Re: BUG #17695: Failed Assert in logical replication snapbuild.

From: bowenshi <zxwsbg(at)qq(dot)com>
To: Masahiko Sawada <sawada(dot)mshk(at)gmail(dot)com>
Cc: pgsql-bugs(at)lists(dot)postgresql(dot)org <pgsql-bugs(at)lists(dot)postgresql(dot)org>
Subject: Re: BUG #17695: Failed Assert in logical replication snapbuild.
Date: 2022-11-25 07:44:03
Message-ID: tencent_7EB71DA5D7BA00EB0B429DCE45D0452B6406@qq.com
Views: Raw Message | Whole Thread | Download mbox | Resend email
Thread:
Lists: pgsql-bugs




Thanks for your advice! I update my test script, now it can 100% reproduce problem in my computer. 





The new script and fix code are both in the patch. However, I met new problem after adding fix code. It fails into a new trap following:




TRAP: FailedAssertion("TransactionIdPrecedesOrEquals(safeXid, snap->xmin)", File: "snapbuild.c", Line: 593, PID: 1576)
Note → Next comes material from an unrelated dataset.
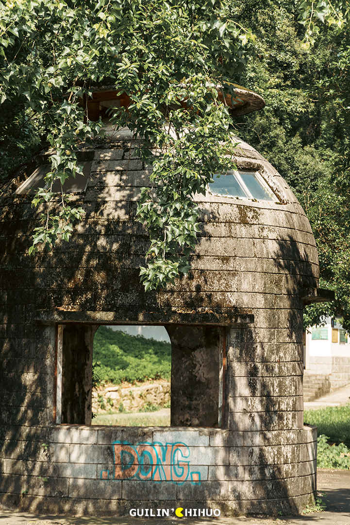 圆柱形楼体、拱形的门窗、斑驳的墙体、随意的涂鸦,加上肆意生长地藤蔓,整体就像童话里的幽森城堡,别有另一番意境。

postgres: master: walsender postgres [local] CREATE_REPLICATION_SLOT(ExceptionalCondition+0xb9)[0xb1ca28]

postgres: master: walsender postgres [local] CREATE_REPLICATION_SLOT(SnapBuildInitialSnapshot+0x1b3)[0x8f3c79]

postgres: master: walsender postgres [local] CREATE_REPLICATION_SLOT[0x9136b9]

postgres: master: walsender postgres [local] CREATE_REPLICATION_SLOT(exec_replication_command+0x398)[0x91456a]

postgres: master: walsender postgres [local] CREATE_REPLICATION_SLOT(PostgresMain+0x7be)[0x984e4a]

postgres: master: walsender postgres [local] CREATE_REPLICATION_SLOT[0x8c0d5b]

postgres: master: walsender postgres [local] CREATE_REPLICATION_SLOT[0x8c06cd]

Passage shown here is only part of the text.